The temperature needs to reach 900ºC to make lime © Bill Scolding

The temperature needs to reach 900ºC to make lime

The East Lyn river in North Devon today is a place of lush tranquillity, the low thrum of the river and the calls of the river birds are its only noisy backdrop. No wonder, we find it hard to imagine what this valley was like in the 19th and 20th centuries when the valleys were a site of industry. 

Just across the East Lyn river from Watersmeet House is a mine adit (horizontal shaft), the remains of an unsuccessful attempt to mine iron ore. The attempt was funded by wealthy Exmoor landowners who invested large sums of money into mineral exploration in the area during the second half of the 19th century.

If you walk from Watersmeet House towards Brendon, you will find two lime kilns.
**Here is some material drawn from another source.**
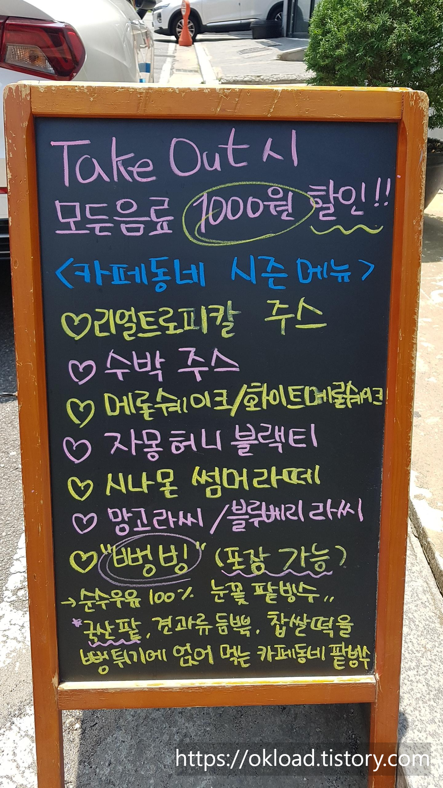 옥길지구 카페동네 출입문 앞에는 여름철 시즌메뉴 메뉴판이 세워져 있다. 무더운 여름에는 팥빙수지! 하며 메뉴를 순수우유 100% 국산 팥을 사용한 뻥튀기 밭빙수(뻥빙)로 정하고 카페 동네에 들어갔다.

They were used to burn limestone brought over from South Wales by boat. The resulting lime was spread on local fields to counteract the acidity of Exmoor's moorland soil.

Many of the Watersmeet paths began as tracks for the woodland industry. Every 25 years or so, the oak was coppiced. Stems were cut down as part of a cycle and allowed to regrow. The cut stems were put to various uses - charcoal and limestones burning, pit props for mines in South Wales and for fencing and hurdles. Charcoal was also carried by mule to Lynmouth and shipped to South Wales for smelting metals.